-- MATERIAL SUPPLIED --
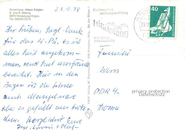 74043374 alte Postkarte HINDELANG Oberallgaeu Ferienhaus Haus Allgaeu Winterlandschaft postalisch gelaufen Erhaltung siehe scans [FriedD77] KatCode: 11110009780123
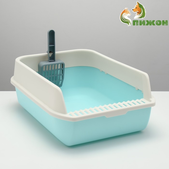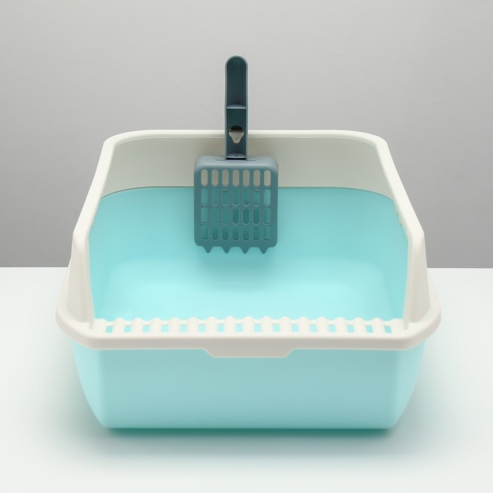 Туалет с высоким бортом с совком и фильтром, 50 х 36 х 21 см, голубой
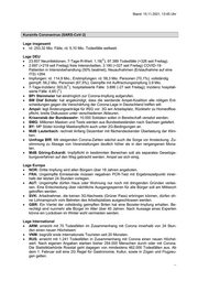 Stand: 16.11.2021, 13:45 Uhr Kurzinfo Coronavirus (SARS-CoV-2) Lage insgesamt rd. 253,86 Mio. Fälle; rd. 5,11 Mio. Todesfälle weltweit. Lage DEU 32.048 Neuinfektionen; 7-Tage-R-Wert: 1,09(ꜜ); 97.980 Todesfälle (+265). 2.478 (-219) freie Intensivbetten, 3.280 (+90) COVID-19-Patienten in Intensivbehandlung (50% beatmet), Neuaufnahmen (Erstaufnahme auf eine ITS) +286. Impfungen: rd. 115,2 Mio.; Erstimpfungen: rd. 58,3 Mio. Personen (70,1%); vollständig geimpft: 56,2 Mio. Personen (67,6%); Geimpfte mit Auffrischungsimpfung 4,0 Mio. 7-Tage-Inzidenz 312,4(ꜛ); hospitalisierte Fälle: 3.896 (+146); Inzidenz hospitalisierte Fälle: 4,86 (ꜛ). BY: AfD will 2G-Regeln mit einer Popularklage vor dem Bayerischen Verfassungsgerichts- hof stoppen. BM Scholz: befürwortet Debatte über Corona-Impfpflicht für bestimmte Berufsgruppen z.B. in Pflegeheimen. GEW: Gewerkschaft Erziehung und Wissenschaft lehnt Impfpflicht für bestimmte Berufs- gruppen ab. Städte- und Gemeindebund hält kurzfristige Wiederaufstellung der Corona-Impfzentren für unrealistisch. FDP: hält an Ende der epidemischen Notlage fest. BW: ab Mittwoch 2G-Regel Lage Europa NOR: bietet allen über 18-Jährigen Booster-Impfung an. AUT: BK Schallenberg bewertet Teillockdown angesichts steigender Impfzahlen als wirk- sam. HRV: führt 3G-Regel in allen Amtsgebäuden ein. Nach Berichten sollen vermehrt russi- sche Touristen Impfungen in HRV wahrnehmen, da Impfungen in HRV auch für Touristen frei zugänglich sind. BEL: Impflicht für Gesundheitspersonal soll ab dem 1. April greifen. GBR: PM Johnson hat angekündigt, dass zukünftig nur noch 3-fach Geimpfte als vollstän- dig geimpft gelten sollen. Ein konkreter Zeitplan wurde nicht genannt. ESP: 7-Tages-Inzidenz steigt auf 48 Neuinfizierte pro 100.000 Einwohner. Vor einem Mo- nat lag der Inzidenzwert bei 18. Die Impfquote liegt bei ca. 80%. UKR: will Anreiz zur Impfung durch Geldprämie stärken. Impfwillige sollen umgerechnet 33 EUR für eine Impfung erhalten. Gestern starben 442 Menschen an Corona Das ist der zweithöchste Wert weltweit nach RUS. Die Impfquote liegt bei 28%. ITA: verschärft Maßnahmen. Passagieranzahl in Taxis wird begrenzt und Züge können bei Coronaverdachtsfällen angehalten und teildesinfiziert werden. CYP: bietet allen über 18-Jähringen Booster-Impfung an. SVK: In den Krankenhäusern verschlechtert sich die Lage zunehmend. In der Region Presov sind 96% der Betten mit Beatmungskapazitäten belegt. Patienten werden in Kran- kenhäuser anderer Regionen umverteilt. CZE: Soldaten werden in überlasteten Krankenhäusern u.a. als Hilfskräfte im Pflegedienst eingesetzt. NLD: Die Rekordinfektionszahlen machen sich auch in den Krankenhäusern bemerkbar. Mit der Erreichung und Überschreitung des bisherigen Spitzenwerts aus dem vergangenen Winter von 2.800 Coronapatienten in Krankenhäusern wird in den nächsten Tagen ge- rechnet. ...
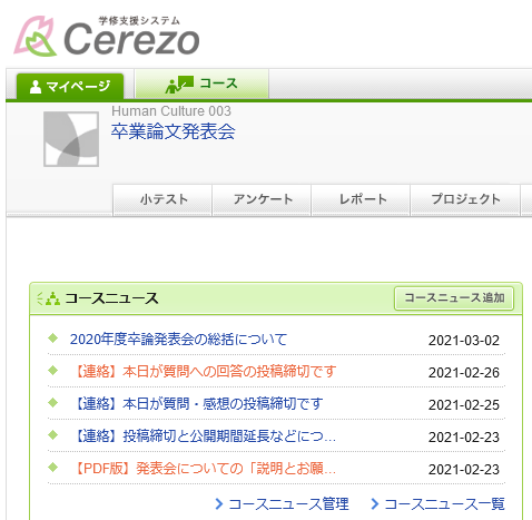 「オンライン」とはいえ、形式はさまざまです。人間文化学科ではZoom等を利用したリアルタイム方式ではなく、学内ポータルの「セレッソ」を利用したオンデマンド式の発表を行うこととしました。インターネット環境や操作の面から、Zoomでの利用に不安を感じる学生もいたためです。
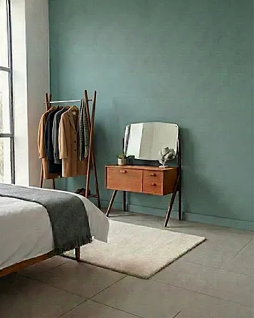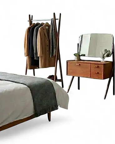 Distinctive Features Scandinavian Design The distinctive feature lies in the four tapered legs which elegantly taper downwards, giving visual lightness despite the presence of the upper mirror. The two drawers have integrated shell handles, a typical solution that favors cleaning surfaces while maintaining ease of use. The rectangular mirror with rounded corners is supported by side uprights that develop from the rear legs creating elegant structural continuity. Fixing system with discrete metal elements testifies to attention to design technique.

-- EXERCISE --
Write out an exact copy of the listing, first line through the line containing "Туалет с высоким", with the pictures left out.

-- ANSWER SPACE --
 74043374 alte Postkarte HINDELANG Oberallgaeu Ferienhaus Haus Allgaeu Winterlandschaft postalisch gelaufen Erhaltung siehe scans [FriedD77] KatCode: 11110009780123
 Туалет с высоким бортом с совком и фильтром, 50 х 36 х 21 см, голубой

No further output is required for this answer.